Physiologie génomique des eucaryotes
Membres














Présentation
Régénération physiologique et pathologique de l’épithélium des voies respiratoires
Notre groupe a pour objectif d’identifier les mécanismes cellulaires et moléculaires impliqués dans la régénération de l’épithélium des voies respiratoires humaines. Nous jouons un rôle actif au sein du consortium international Human Lung Cell Atlas, dont l’objectif est d’établir une cartographie moléculaire exhaustive des cellules du poumon humain. Dans ce cadre, nous avons contribué à la réalisation du premier atlas cellulaire des voies aériennes humaines à partir de biopsies de donneurs sains, en nous appuyant sur des technologies de séquençage d’ARN à l’échelle de la cellule unique. Nos travaux les plus récents s’intéressent aux mécanismes moléculaires à l’origine de l’hyperplasie des cellules sécrétoires, un phénomène pathologique observé dans plusieurs maladies respiratoires chroniques telles que l’asthme, la bronchopneumopathie chronique obstructive (BPCO) et la mucoviscidose.

Epidémiologie des eaux usées (virus respiratoires)
Nous développons des approches permettant d’optimiser la détection et le suivi des virus pathogènes humains dans les eaux usées, notamment les virus respiratoires (coronavirus, grippe A H1N1 et H3N2, grippe B, RSV). L’un des objectifs du consortium national OBEPINE, auquel nous participons, est de mettre en place un système de veille sanitaire basé sur l’analyse virologique des réseaux d’assainissement, tâche à laquelle nous nous sommes consacrés depuis la pandémie de 2020, en utilisant des échantillons collectés principalement à la station d’épuration d’Haliotis, qui traite les eaux usées d’un bassin de plus de 400000 habitants de la Métropole Nice Côte d’Azur.
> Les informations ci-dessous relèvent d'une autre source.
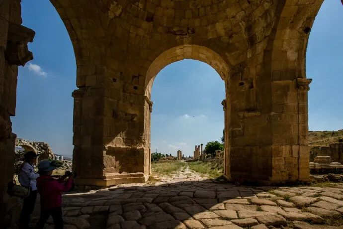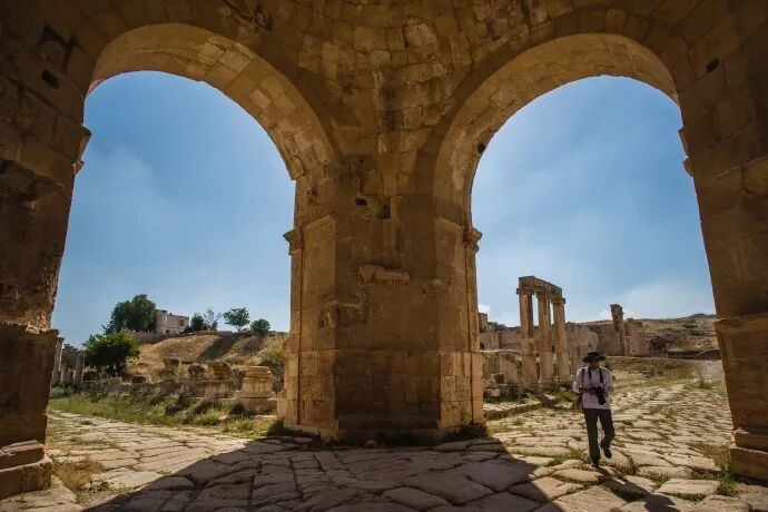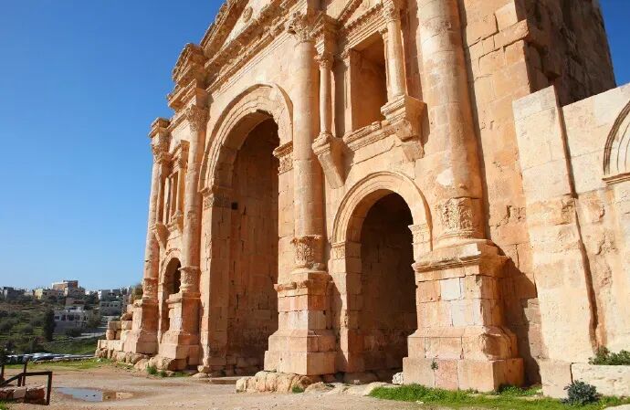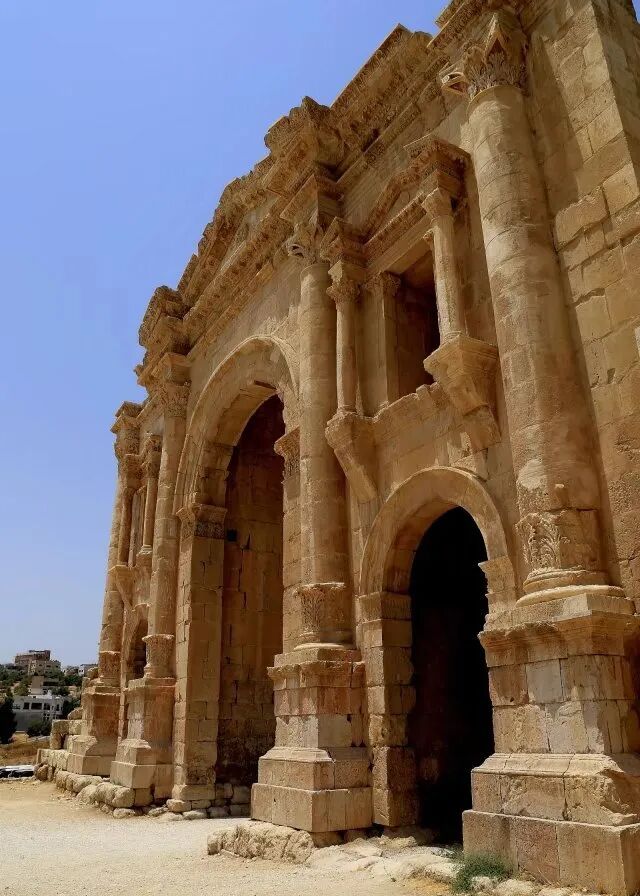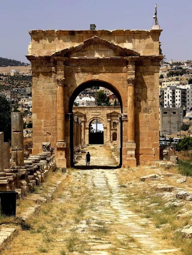 公元129年,为迎接这位哈德良皇帝来访,杰拉什人专门在城市最南端兴建了这座雄伟的凯旋门,命名为“哈德良凯旋门”。

Nous avons élaboré et validé une chaîne de traitement complète allant du prélèvement au rendu des résultats, en passant par l’extraction des acides nucléiques viraux, la standardisation de méthodes de quantification et d’analyse. La combinaison d’approches de PCR digitale quantitative et de séquençage permet de caractériser la diversité et l’évolution des souches virales détectées dans les échantillons environnementaux. Les recherches actuelles se concentrent sur le suivi de virus respiratoires majeurs, tels que le SARS-CoV-2 et les virus influenza, dans le but d’anticiper plus efficacement l’émergence ou la résurgence d’épidémies. Cette approche constitue un outil innovant pour renforcer la surveillance épidémiologique et améliorer la préparation face aux menaces infectieuses futures.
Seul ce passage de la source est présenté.